See for install, CLI workflow, and migration.
references/yara_x_scope_and_tooling.md- 尽可能收集3个及以上变体(单样本规则稳定性差)
- 检查是否加壳:熵值>7.0或字符串极少 → 先脱壳,或针对加壳程序/结构而非加密层
- 选择平台路径:PE魔术字节 / JS / Office ZIP / /
import "crx"import "dex"
安装、CLI工作流与迁移相关内容请参见。
references/yara_x_scope_and_tooling.md2. Extract and filter strings
2. 提取并过滤字符串
- Run yarGen or FLOSS on unpacked samples
- Reject ~80% of yarGen output: API names, , format strings,
C:\Windows\/requirealonefetch - Prefer gold tier: mutex names, PDB paths, stack strings; silver: C2 paths, config markers
See for decision trees and modifiers.
references/string_selection_and_atoms.md- 对脱壳样本运行yarGen或FLOSS
- 剔除约80%的yarGen输出:API名称、、格式化字符串、单独的
C:\Windows\/requirefetch - 优先选择黄金级字符串:互斥体名称、PDB路径、栈字符串;次选白银级:C2路径、配置标记
字符串选择决策树与修饰符相关内容请参见。
references/string_selection_and_atoms.md3. Write rule with ordered conditions
3. 编写带有序条件的规则
yara
rule MAL_Win_Example_Loader_Jan26
{
meta:
description = "Detects Example loader via unique mutex and config path"

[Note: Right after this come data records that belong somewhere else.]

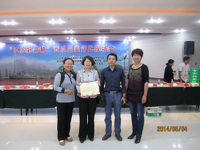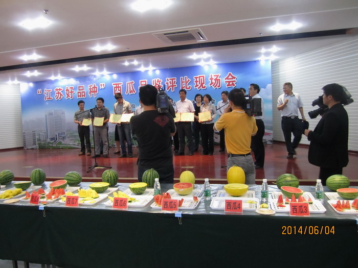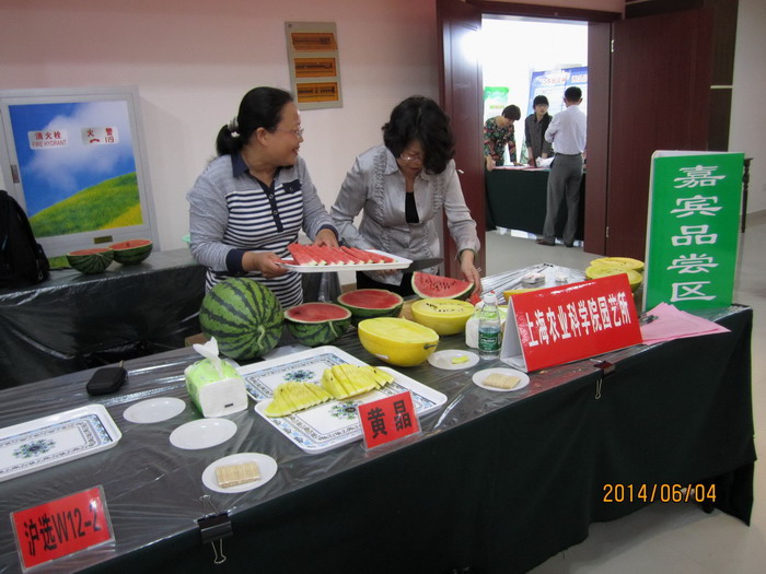 6月4-5日,我院园艺所所科技人员参加了由江苏省种子管理站及江苏省种业协会举办的“江苏好品种”西瓜品鉴评比活动,来自国内十多家育种科研院所及育种企业参加了本次活动,共有22个参展品种,由我院顾卫红研究员领衔育成的小果型特色西瓜新品种“黄晶”获得本次活动二等奖,早熟中果型设施栽培专用新组合“沪选12-2”获得参试品种三等奖。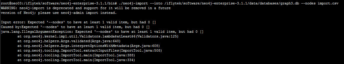 使用neo4j-import导入节点报错:Expected '--nodes' to have at least 1 valid item, but had 0 []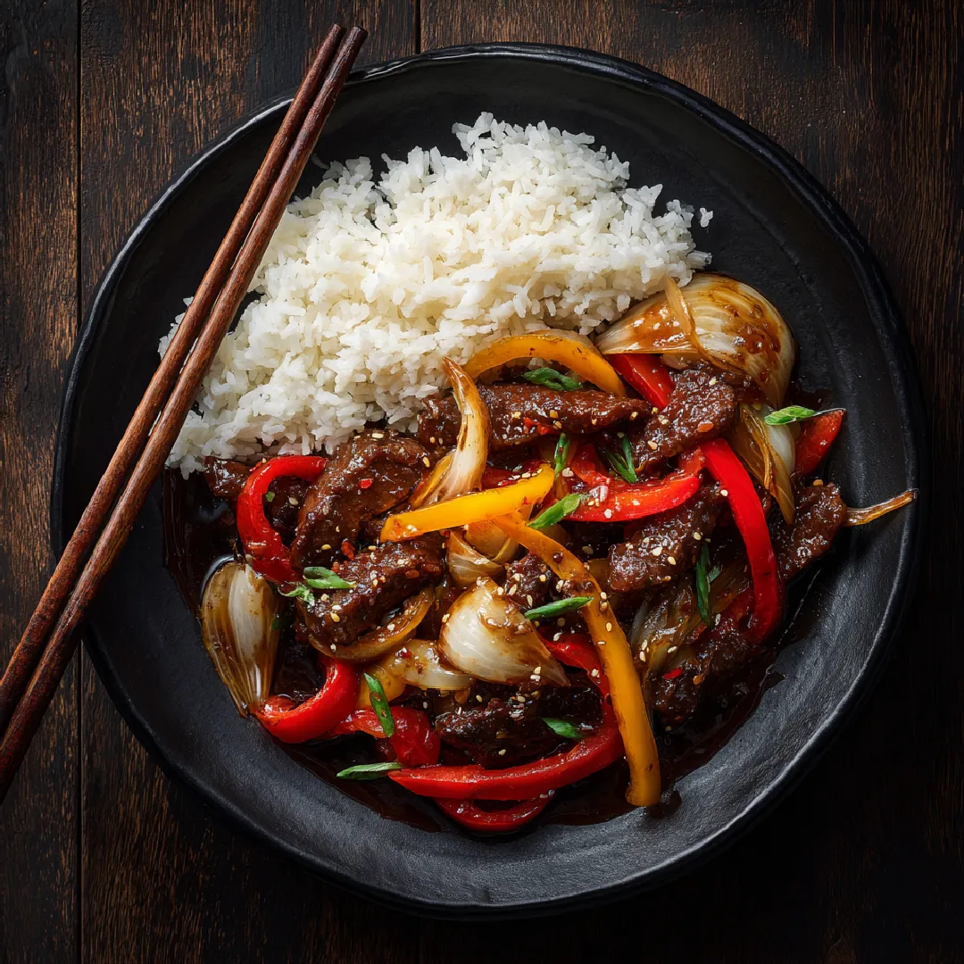 Juicy beef strips, sweet onions, and colorful peppers in a savory soy-based sauce. A quick, homemade takeout favorite ready in under 30 minutes.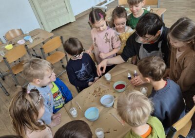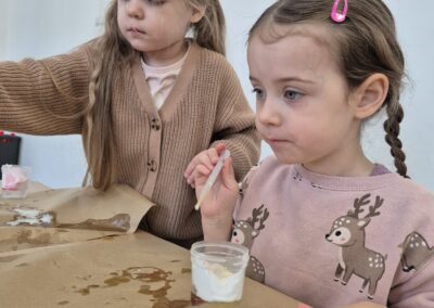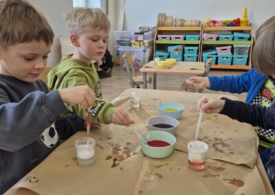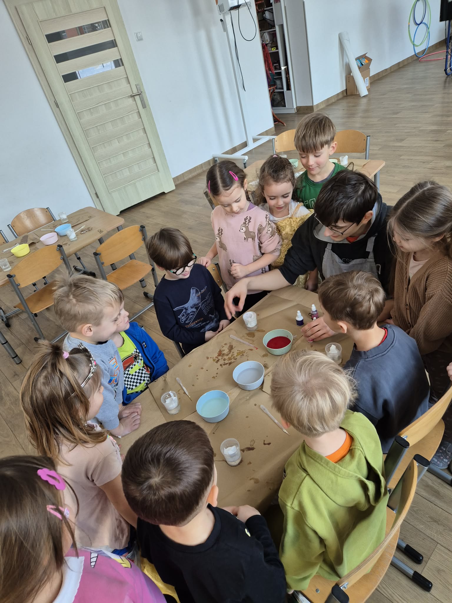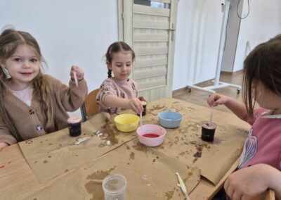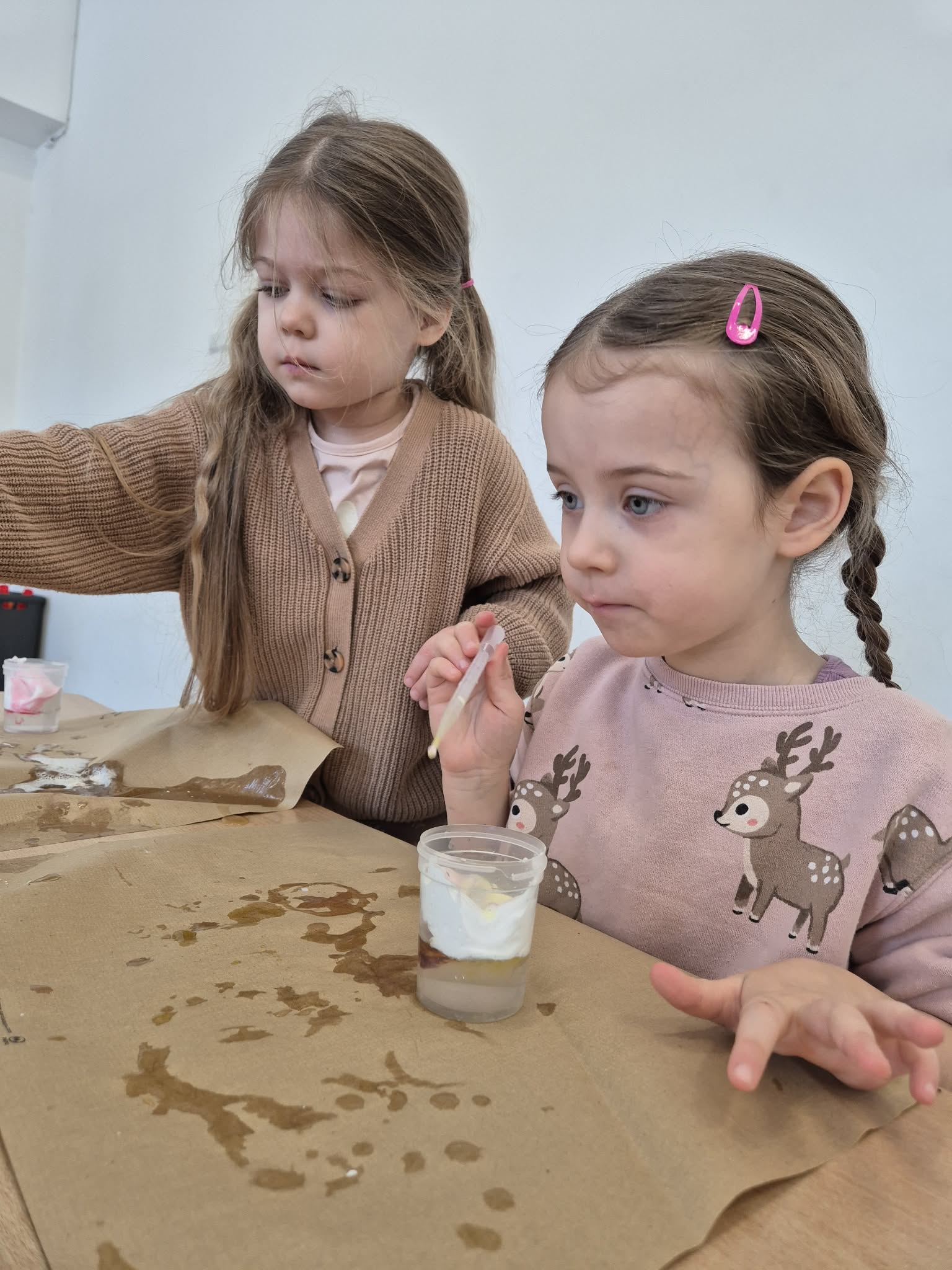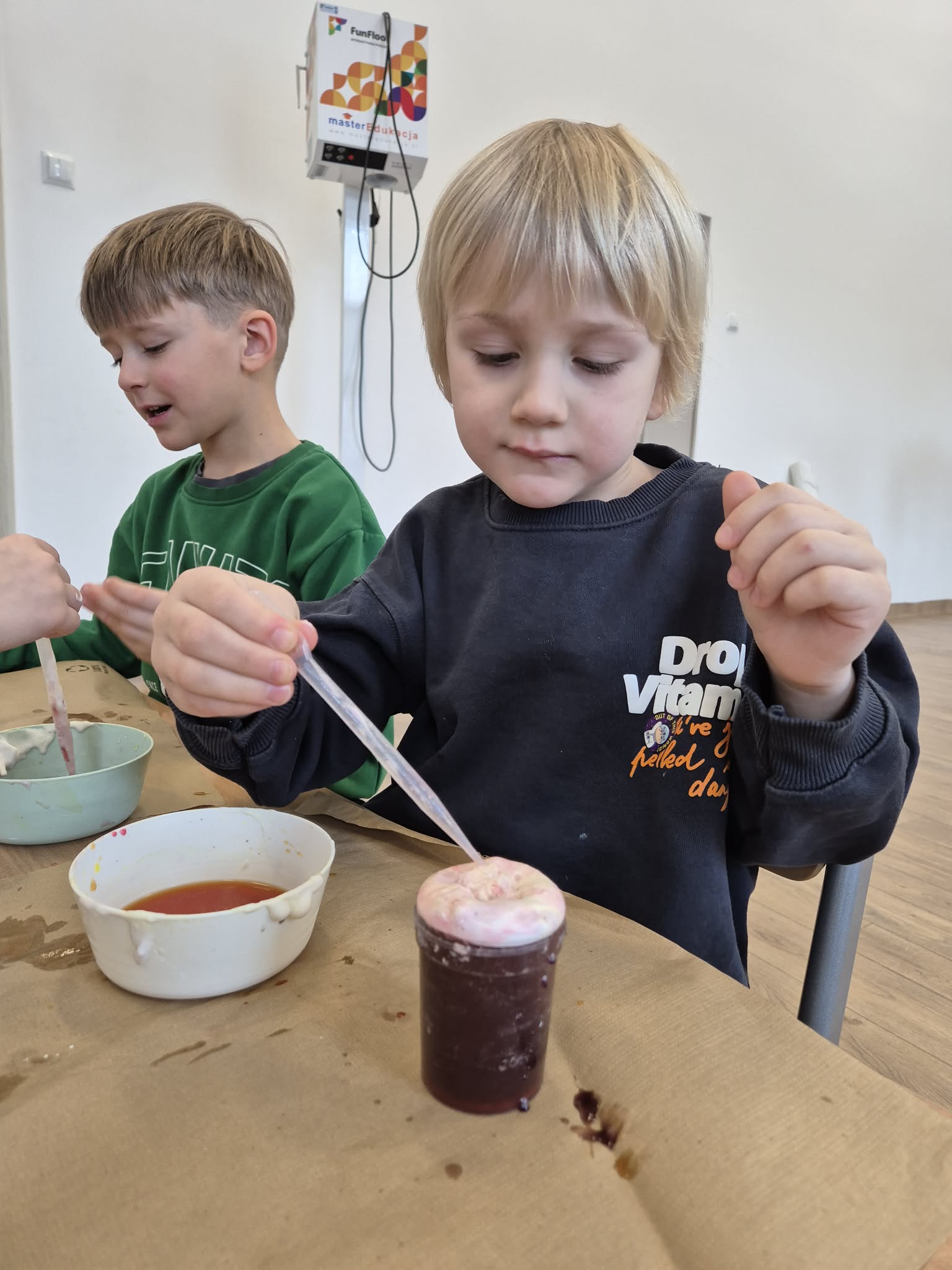 W piątek podczas warsztatów badawczych dzieci poprzez zabawę spotkały się ze zjawiskiem dyfuzji. Przy użyciu wody, pianki do golenia, barwników i pipet obserwowały, jak barwniki samoczynnie przemieszczają się i przenikają przez różne substancje, tworząc efekt „kolorowego deszczu” w kubeczkach. Eksperyment pozwolił dzieciom z bliska zobaczyć, jak zachowują się cząsteczki i jak działa dyfuzja w praktyce.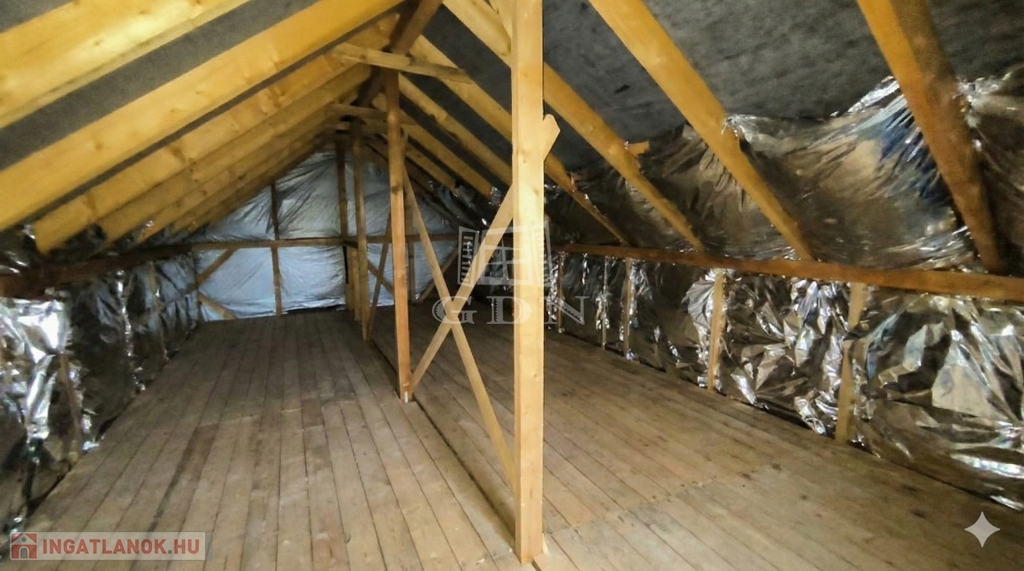 A ház maga egy amerikai konyhás nappaliból és egy fürdőszobából áll. Külső feljáró vezet a tetőtérbe jelenleg, de ráfordítással itt lehetne a háló, nagysága, belmagassága megfelelő. A 15 centis szigetelésnek köszönhetően egy Nobo panellel kifűthető

author = "Team <team@example.com>"
reference = "https://example.com/analysis"
date = "2026-01-15"
strings:
$mutex = "Global\\ExampleMutex" ascii wide
$cfg = "/api/beacon/check" ascii
condition:
filesize < 10MB and
uint16(0) == 0x5A4D and
all of ($mutex, $cfg)
}Condition order: → magic bytes → string matches → module calls (, , ).
filesizepecrxdexSee for atom theory, regex bounds, and loops.
references/conditions_and_performance.mdyara
rule MAL_Win_Example_Loader_Jan26
{
meta:
description = "Detects Example loader via unique mutex and config path"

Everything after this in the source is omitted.